Выбрать главу

Что звенит там вдали – и звенит и зовет?

И зачем там в степи пыль столбами встает?

И зачем та река широко разлилась?

Оттого ль разлилась, что весна началась?

И откуда, откуда тот ветер летит,

Что, стряхая росу, по цветам шелестит,

Дышит запахом лип и, концами ветвей

Помавая, влечет в сумрак влажных аллей?

Откуда, зачем, отчего? Поэт не знает ответа, но что-то шелестит, звенит, зовет, влечет, и он слышит шелест, звон, зов; ему открыты родники жизни: все чувствуемое, зримое и слышимое. Смысл жизни остается неразгаданным, и только грустно-красивые стихи передают нам томление поэта при виде красавицы, встреченной в провинциальной глуши. Обыкновенная, ничем не примечательная встреча, но она предстает полной тайны и красоты, потому что в ней открывается далекая перспектива.

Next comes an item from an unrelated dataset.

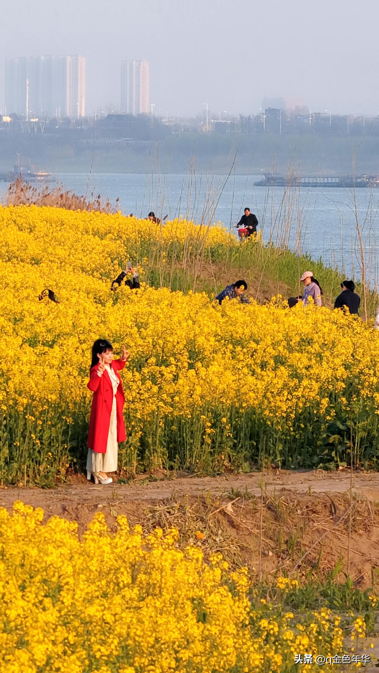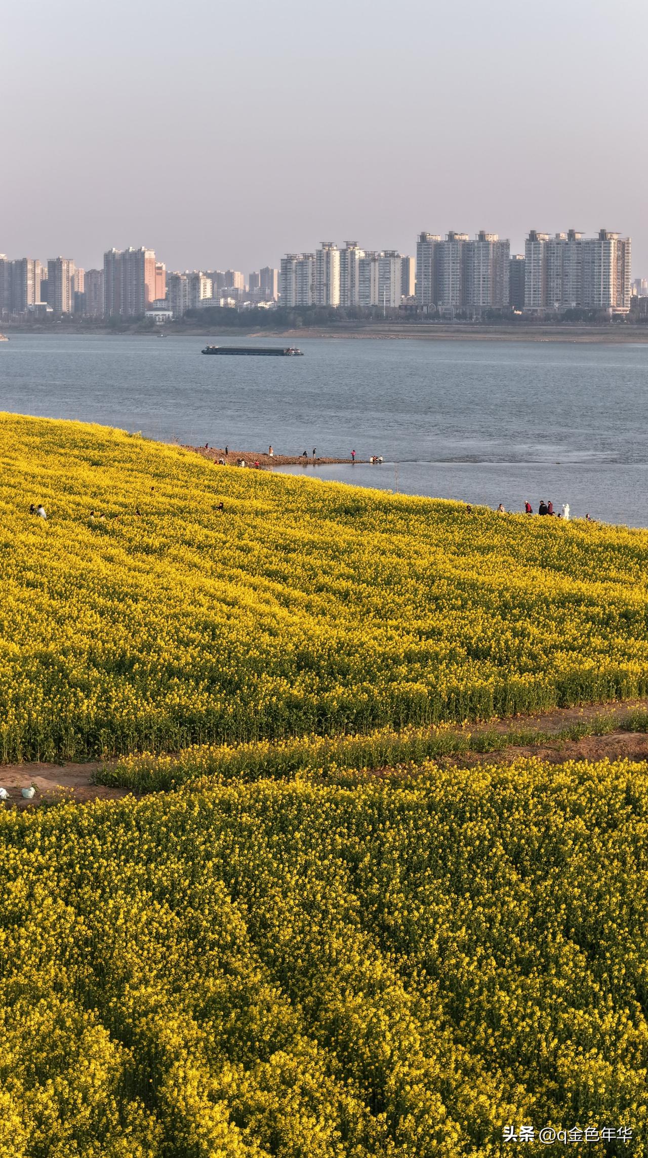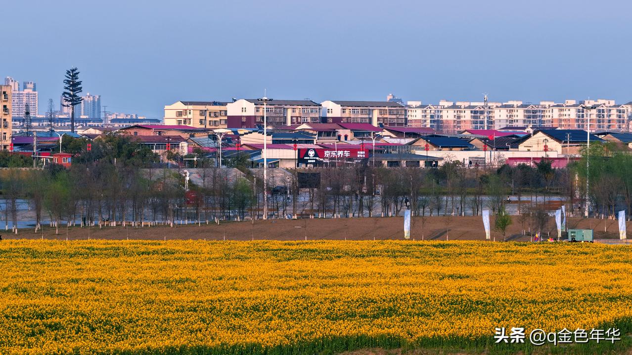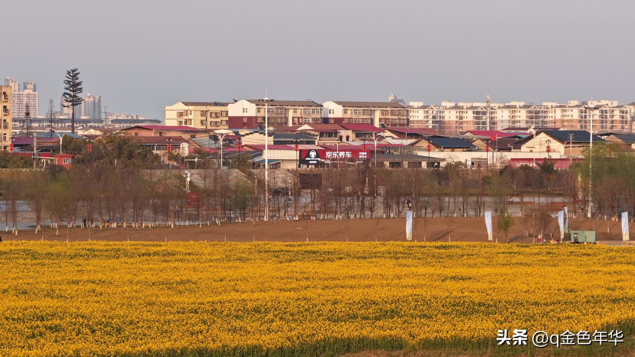 黄州江滩,赴一场金色之约: 黄州江滩公园千亩油菜花已盛放,金黄浪潮铺满江畔,与碧波、蓝天相映成趣,绘就绝美春日画卷!千亩花田沿长江堤岸铺展,被蜿蜒江堤分割成错落金色块,江风拂过,花枝摇曳生姿,与粼粼江水共绘温柔电影滤镜。 一边是城市烟火,一边是自然诗意,极简春日美学在此绽放。花田地势平坦开阔,适合全家春游、野餐遛娃,漫步其间,随手一拍便是清新田园写真。 第二届江滩油菜花季已启幕,花期从本周持续至4月初,诚邀你选个晴日,漫步江堤,邂逅这片金色花海,感受黄州春日的温柔与绚烂,共赴这场春日限定浪漫!

Стихотворение «В глуши», откуда мы процитировали два четверостишия, очень характерно для Полонского. Оно, как и «Колокольчик», «тянется в бесконечность». Движущей силой стиха выступают два наречия – там вдали: «Что звонит там вдали – и звонит и зовет?» Властная сила бесконечной протяженности и открытости дали; подернутый дымкой таинственности образ героини, колеблющийся на самой грани прямого и символического смысла; поэтическая «невысказанность», «контурность». И сюжет, лишенный законченности, рождающий впечатление «открытого стиха»:

Не природа ли тайно с душой говорит?

Сердце ль просит любви и без раны болит?

И на грудь тихо падают слезы из глаз…

Для кого расцвела? для чего развилась?

Вопросы, остающиеся без ответа, еще более сгущают атмосферу таинственности. Тоской безысходности, но и неизъяснимым обаянием веет от этих стихов. Поистине, «смесь простодушной грации и правдивости впечатлений» (Тургенев) и «необычайно чуткая восприимчивость поэта к жизни природы и внутреннее слияние явлений действительности с образами его фантазии и с порывами его сердца» (Добролюбов).

В постоянной устремленности Полонского туда, вдаль сказывались настроения его юных лет, родственные пафосу лермонтовской поэзии. Идеальные порывы переплетались с восприятием реального мира и были вызваны к жизни самой действительностью. В этом смысле поэт мог бы повторить слова Тютчева: «Чтобы поэзия процветала, она должна иметь корни в земле.» У Полонского, как заметил В. Соловьев, всегда чувствуешь ту землю, от которой он оттолкнулся. Грань между «поэтическим» и «житейским» открыта, переход из будничной среды в область поэтической истины мягок (это свойство очень близко исканиям символистов):

Мое сердце – родник, моя песня – волна,

Пропадая вдали, – разливается…

Под грозой – моя песня, как туча, темна,

На заре – в ней заря отражается.

Если ж вдруг вспыхнут искры нежданной любви

Или на сердце горе накопится –

В лоно песни моей льются слезы мои,

И волна угасить их торопится.

(«Мое сердце – родник, моя песня – волна…»)

Или:

И любя и злясь от колыбели,

Слез немало в жизни пролил я;

Где ж они – те слезы? Улетели,

Воротились к Солнцу бытия.

Чтоб найти все то, за что страдал я,

И за горькими слезами я

Полетел бы, если б только знал я,

Где оно – то Солнце бытия?..

(«И любя и злясь от колыбели…»)

В этих и подобных стихах воспроизводятся скрытые душевные движения, таинственные предчувствия. Слова в них теряют обычное значение и употребляются переносно и расширительно. Художественный образ обретает «потаенный смысл», недосказанность.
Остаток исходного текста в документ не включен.